Hello Mentors, There is something in this part of the assignment I don’t understand.
We have to do backpropagation in order to update the parameters. Theoretically, we should start at the last layer(the output layer) in this case layer L and apply the function LINEAR SIGMOID. I don’t understand why we start at Layer L-1 which is the hidden layer. Normally for this layer, we have to implement the LINEAR → RELU function. Am I missing something here?
I actually understood the forward propagation because we used there the combination of for loop with the range function that excludes the last layer. But in the case of backpropagation, the last layer is the “first layer”.
Hi, Code with Africa.
We do Backprop to propagate the total loss back in the NN (Neural Network) in order to identify how much of the loss every node is responsible for. It also helps in computing the derivatives of the cost w.r.t parameters that we have used while implementing the forward pass. Here, we mainly implement the ‘chain rule of calculus’.
In the instructions given in the notebook, it is clearly mentioned on how are you building a neural network:
Reminder: The general methodology to build a Neural Network is to:
- Define the neural network structure ( # of input units, # of hidden units, etc).
- Initialize the model’s parameters
- Loop:
- Implement forward propagation
- Compute loss
- Implement backward propagation to get the gradients
- Update parameters (gradient descent)
Now, your query on L, which simply signifies, a sort of vector output of the loss function and simultaneously, J is the average of the values of L across the samples that we have used in training this model. And that’s where, the factor of 1/m gets its significance in the given formula:
𝐽=−1𝑚∑𝑖=1𝑚(𝑦(𝑖)log(𝑎2)+(1−𝑦(𝑖))log(1−𝑎2))
To your second query on why we start with hidden layers: we do the same implementation in the backward what we had used in the forward direction using the hidden layers where caches have been generated as (linear_cache, activation_cache) for computation purposes. We can say, Backprop stands in opposition to forward prop.
Backprop is the essence of any neural network training that fine tunes the weights of a neural net based on the error rate which is also termed as loss.
Check this thread that discusses about functioning of backprop in detail. You will get a very clear idea on how it is implemented for : linear_activation_backward , which then calls linear_backward , relu_backward and sigmoid_backward.
I think confusions come from the differences in indexing. Please see the following diagram.
As you know, for backprop, we start from the layer L, which has a “sigmoid” activation.
Then, start iterations to update variables for hidden layers.
The layer number starts with 1, and ends L. But, Python’s index starts from 0. So, cache[0] is for the first layer, and cache[L-1] for the L-th layer.
In this sense, the last (first backprop) layer starts with retrieving cache values from cache[L-1].
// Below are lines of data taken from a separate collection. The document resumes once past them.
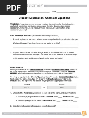 Student Exploration Balancing Chemical Equations Gizmo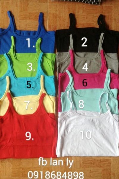 Áo thun 2 dây chất liệu : thun dày đẹp 10 cái 15k 1 cái 25 cái 14.5k 1 cái 50 cái 14k 1 cái 75 cái 13.5k 1 cái 100 cái 13k 1 cái 500 cái giá 12k 1000 cái giá 11k liện hệ : Lan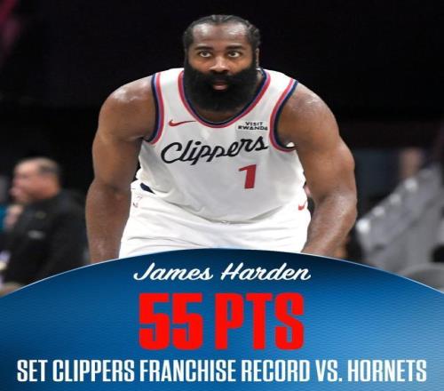 北京时间11月23日,詹姆斯·哈登在对阵夏洛特黄蜂的比赛中命中平生涯纪录的10记三分,砍下55分,帮助快艇以131比116取胜。55分刷新了快艇队史单场得分纪录,这也是哈登17年职业生涯里砍下的第25场50+,追平科比并列历史第三。此前快艇的得分纪录是由查尔斯·史密斯和鲍勃·麦卡杜保持的52分。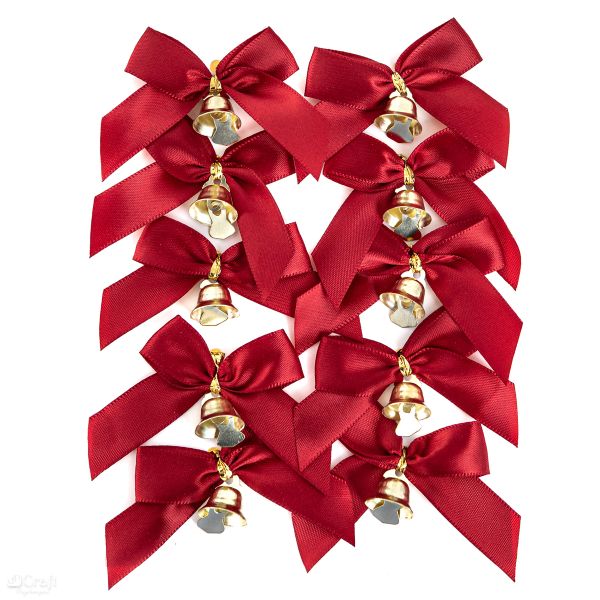 Kokardki z dzwoneczkami – 10 szt., czerwone

Then, iterations start. The range of iteration is the Layer 1 to the Layer (L-1) in the reverse order. So, in Python, we set the range (L-1) with reversed, which accesses caches from L-2 to 0. And, as you see from the above explanations, cache[L-2] is the cache of parameters for the layer “L-1”.
So, your understanding is correct. Python indexing confused you.
A very good point Nobu Asai. Thanks for bumping in and mentioning this angle!
Thank you very much mentors it was a little bit confusing and I couldn’t move forward. But now I understand the process. I need to work on another dataset to make sure I grasped most of the concepts. Thank you !!!